2010-08-04 13:13:11.103: [   CRSPE][35] Server [] has changed state from [Invalid/unitialized] to [VISIBLE]

2010-08-04 13:13:11.103: [  CRSOCR][31] Multi Write Batch processing…

2010-08-04 13:13:11.103: [ default][35] Dump State Starting …

..

2010-08-04 13:13:11.112: [   CRSPE][35] SERVERS:

:VISIBLE:address{{Absolute|Node:0|Process:-1|Type:1}}; recovered state:VISIBLE. Assigned to no pool

————- SERVER POOLS:

Free [min:0][max:-1][importance:0] NO SERVERS ASSIGNED

2010-08-04 13:13:11.113: [   CRSPE][35] Dumping ICE contents…:ICE operation count: 0

2010-08-04 13:13:11.113: [ default][35] Dump State Done.
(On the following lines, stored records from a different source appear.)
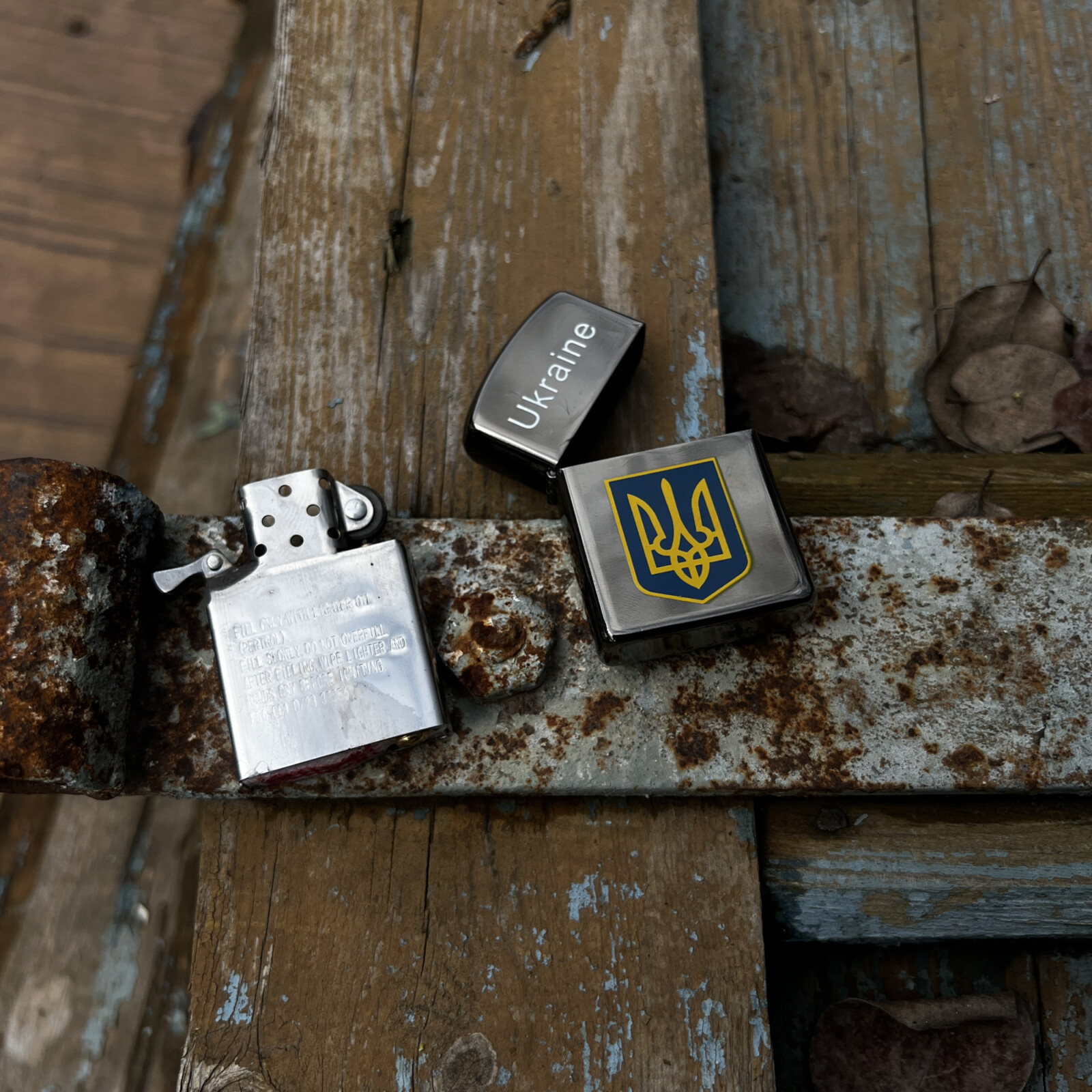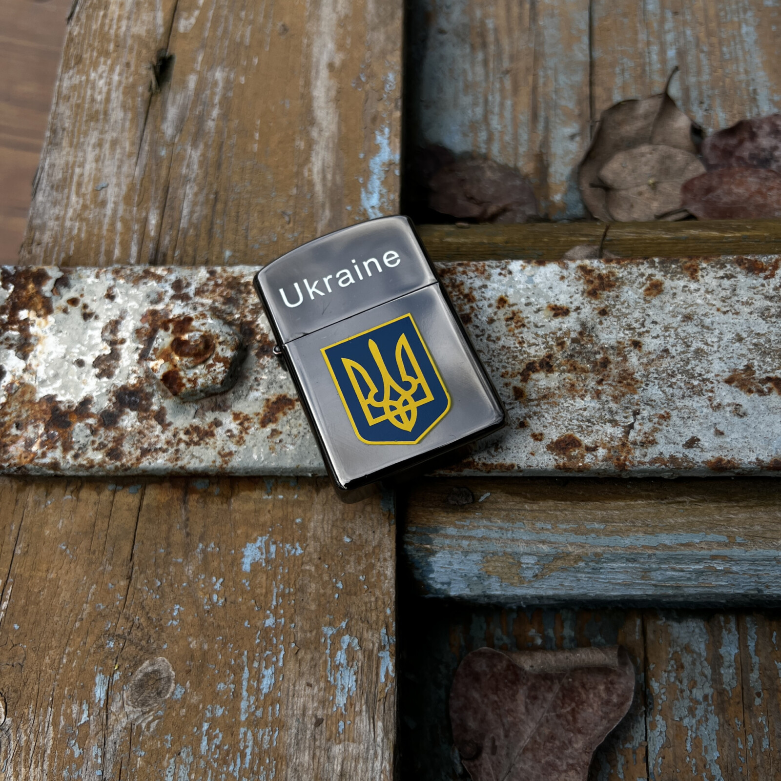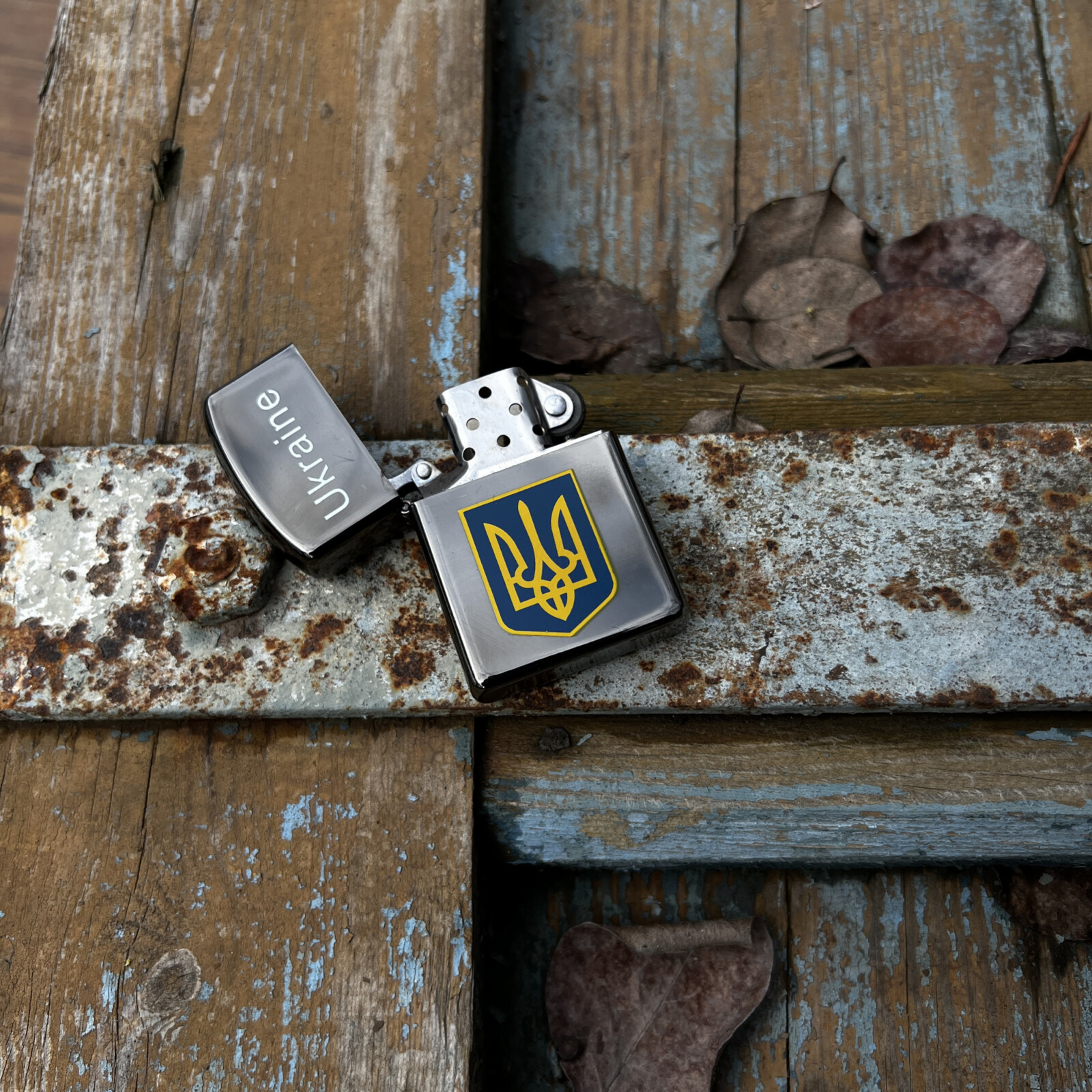 Запальничка бензинова Україна 🇺🇦 №4483 Герб Чорна Глянець
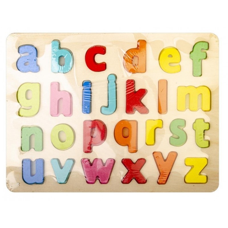 Układanka drewniana dla dzieci, rozwija spostrzegawczość, wyobraźnię i koordynację wzrokowo-ruchową. Puzzle z uchwytami uławiającymi ich przenoszenie. Układanka edukacyjna, pomaga w nauce liter.
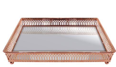 Bandeja decorativa , base de espelho, contorno de metal, que serve de base para objetos diversos, como velas, maquiagem, enfeites, enfim, porta-chaves para aparador, ou suporte para galheteiros. Muito elegante!
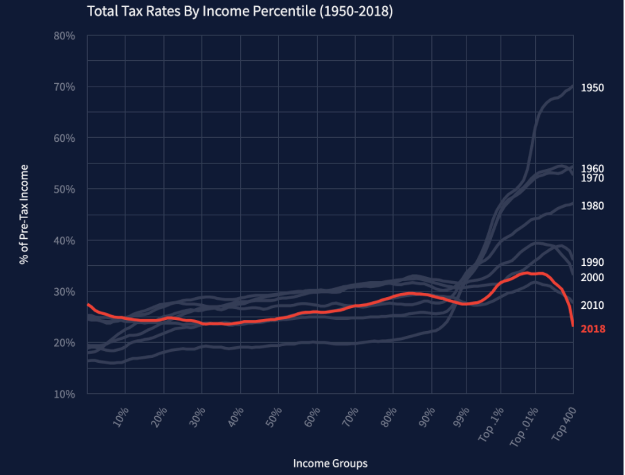 Given my preamble, it is no surprise that Saez and Zucman sit on the left ideologically and believe the US tax system is broken with the rich paying less than their fair share. Cobbling together a variety of sources into a database, they come to the conclusion that the US essentially has a flat tax rate where the mega-rich and the poor pay about the same rate of 28% on their income. Saez and Zucman have put together an online tool to visualize the analysis. The red line below shows the percentage of pre-tax income paid by each income band in the US. The big dip at the end of the red line illustrates that the top 400 income earners in the US pay the lowest rate of taxes.
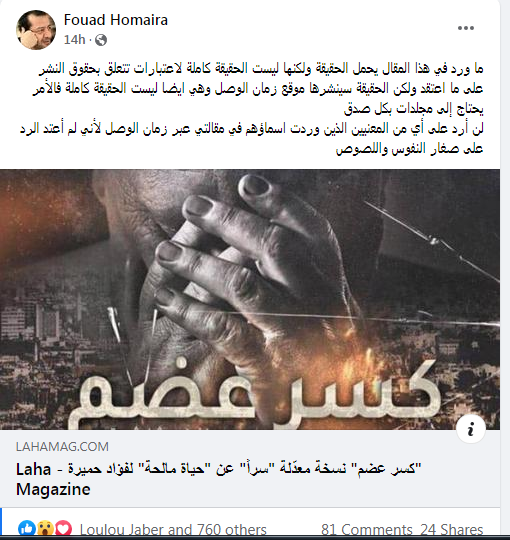 أكّد الكاتب السوري فؤاد حميرة صحة المقال الذي نشرته "لها" بعنوان ""كسر عضم" نسخة معدّلة "سراً" عن "حياة مالحة"" لفؤاد حميرة، من خلال منشورات وفيديو مباشر عبر حسابه الشخصي في موقع "فيسبوك".
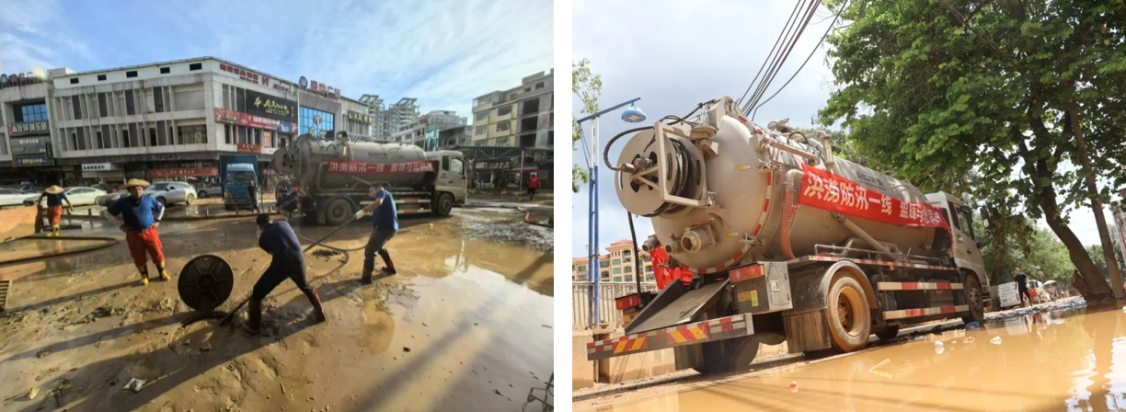 6月中旬,受台风“蝴蝶”和持续性强降雨影响,广东省肇庆市怀集县遭遇百年一遇的特大洪灾,水位突破历史极值。灾情危急之际,接到广东省三防办指令后,盈峰环境第一时间调派5台排涝装备、4台环卫装备及20余名应急救援队员,紧急奔赴受灾最严重的怀集县、广宁县,高效执行排涝、清污等任务,为打通救援通道、恢复生产生活秩序提供关键支持。
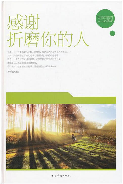 孙溪岩编著的《感谢折磨你的人》以生动时事例 从心态、事业、生活、工作、爱情、亲情、交际、财 富、竞争等方面详细阐述了“感谢折磨你的人”这一 人生处世大智慧,教会读者面对折磨自己的人时,不 是在愤恨、抱怨中自暴自弃,更不是以牙还牙地报复 ,而是把折磨转化为激发自己前进的动力,踏踏实实 地做事,在逆境中积蓄力量,积极进取。当你面临挑 战、遭受挫折和感到无助之时,《感谢折磨你的人》 会给你以力量;当你迷茫、痛苦和失落之时,本书会 给你以慰藉。

The solution is to restore a good backup of OLR with “ocrconfig -local -restore ”. By default, OLR will be backed up to $GRID_HOME/cdata/$HOST/backup_$TIME_STAMP.olr once installation is complete.

7. ohasd.bin is able to access network socket files:

2010-06-29 10:31:01.570: [ COMMCRS][1206901056]clsclisten: Permission denied for (ADDRESS=(PROTOCOL=ipc)(KEY=procr_local_conn_0_PROL))

2010-06-29 10:31:01.571: [  OCRSRV][1217390912]th_listen: CLSCLISTEN failed clsc_ret= 3, addr= [(ADDRESS=(PROTOCOL=ipc)(KEY=procr_local_conn_0_PROL))]

2010-06-29 10:31:01.571: [  OCRSRV][3267002960]th_init: Local listener did not reach valid state

In Grid Infrastructure cluster environment, ohasd related socket files should be owned by root, but in Oracle Restart environment, they should be owned by grid user, refer to “Network Socket File Location, Ownership and Permission” section for example output.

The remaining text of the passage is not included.